The garden has been called Canada’s best-kept secret, despite nestling in the countryside bordering the unpredictable waters of La Malbaie, an hour-and-a-half south of Quebec and location of last year’s G7 Summit.

However, a new film, The Gardener, is about to coax Les Quatre Vents out of the shadows and Elspeth, with her presidential chains of office for Northumberland British Red Cross firmly in place, is delighted to have secured a screening.

The money raised on the night, at Hexham’s Forum Cinema, will go to the charity for use locally.

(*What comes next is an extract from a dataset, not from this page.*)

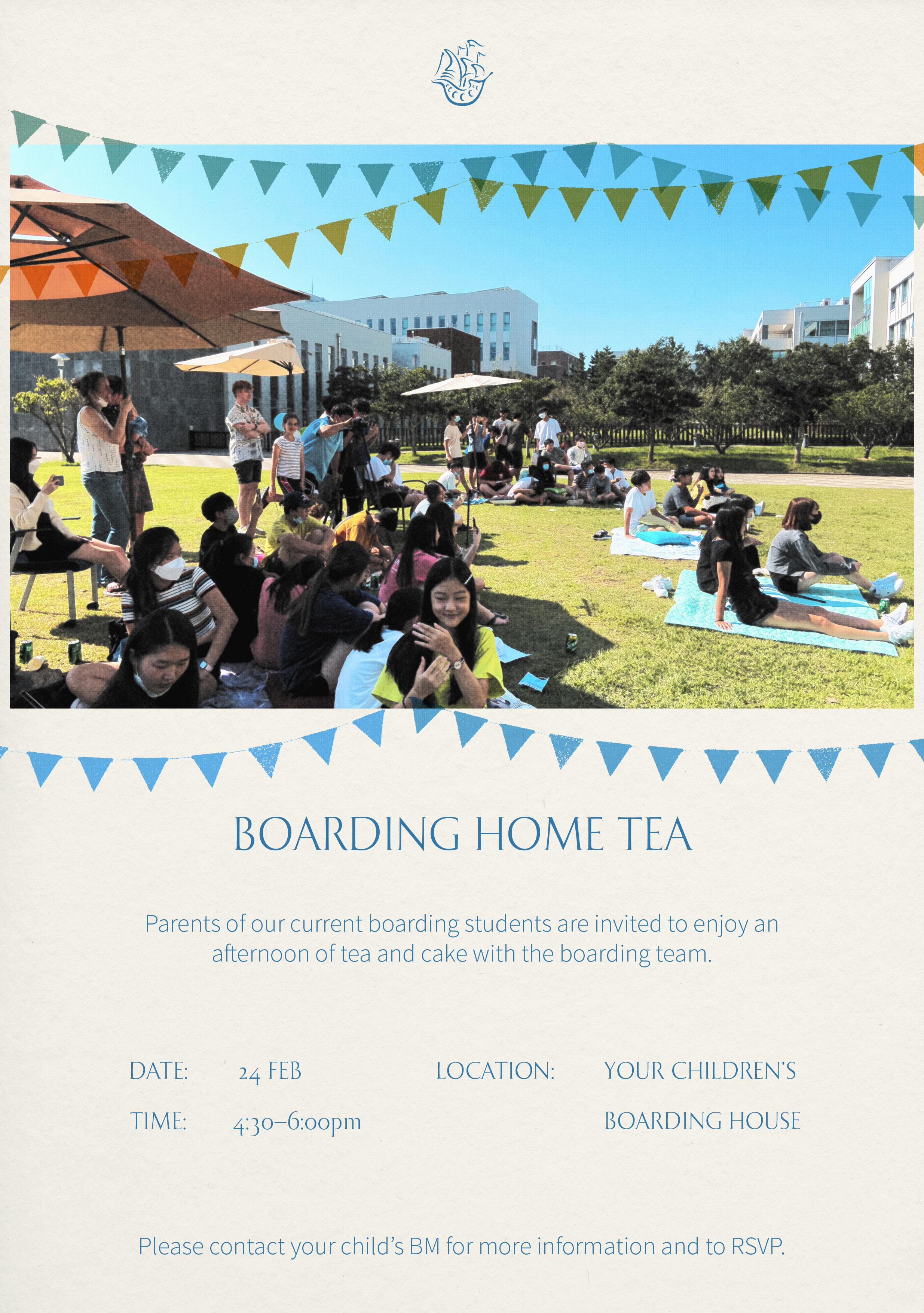 我们诚挚地邀请住校生家长来孩子宿舍参加茶话会。在因新冠暂停后,很高兴能 重新举办这样温馨可爱的活动。

Watching a trailer for the film opened up a whole box of lovely memories, she said, of the long family friendships that existed between her own Montreal family and Frank and Anne Cabot, who hailed from the creme de la creme of Boston society.

What is known as The Boston Toast captures the lofty status of their family: “And this is good old Boston/ The home of the bean and the cod/ Where the Lowells talk only to Cabots/ And the Cabots talk only to God.”

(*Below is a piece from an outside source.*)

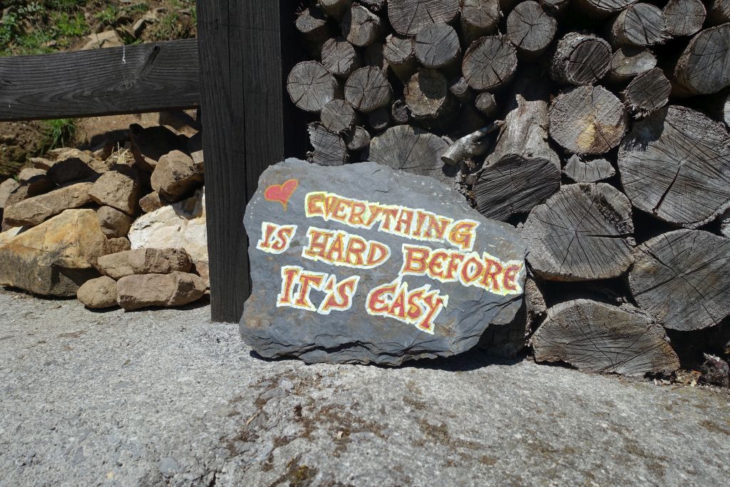 Nu nere på lägre höjder har solen börjat steka på ordentligt. Vandringen blir med ens riktigt tung, varm och jobbig.

The value of the legacy left by Frank Cabot, a financier by profession, lay in something other than money though. A self-taught horticulturalist, the garden he and his wife, Anne, nurtured for 50 years speaks as much today of tradition refreshed by innovation as it did when he began.

Filled with plants from his many seed-hunting expeditions around the globe, he also imported ideas for structural features such as a Chinese moon bridge, a Japanese pavilion and an exquisite pigeonnier, the elaborate nature of which defies the English translation of ‘dovecote’.

Elspeth said: “Frank’s parents and my grandparents were great friends and I grew up playing with his son.

“There is an ornamental pool outside the drawing room door and we used to say to people who didn’t know it, ‘we’re going to jump in’, but when you did it only went up to your ankles.

“There was also a swimming pool which was so dark it looked black and we all hated it. The children used to say ‘can’t you turn it white’, but Frank and Anne would say ‘no, it’s always been like that’.”

The last time Elspeth saw Frank it was just two months before he died, in 2011 at the age of 84. “He was in bed and very ill, but we had a nice chat and talked about my grandmother,” she said.

“Anne is in her nineties now and still riding her Norwegian ponies.”

Elspeth first saw The Gardener in Canada in 2017, during a launch event attended by its maker, Sébastien Chabot. He introduced himself to Elspeth and elicited her help in getting the film launched in Britain.

Ultimately Chabot himself secured the national launch in London, which will take place over the summer, but he was more than happy to give the go-ahead for a soft launch in Hexham as it was in aid of the Red Cross.

Chabot spent a total of 22 days filming, returning at different times of year to reflect the seasons. He said his first reaction on entering the garden was “Am I still on Earth?”

The Gardener will be shown at Hexham’s Forum Cinema on Tuesday, March 5 at 7.30 pm.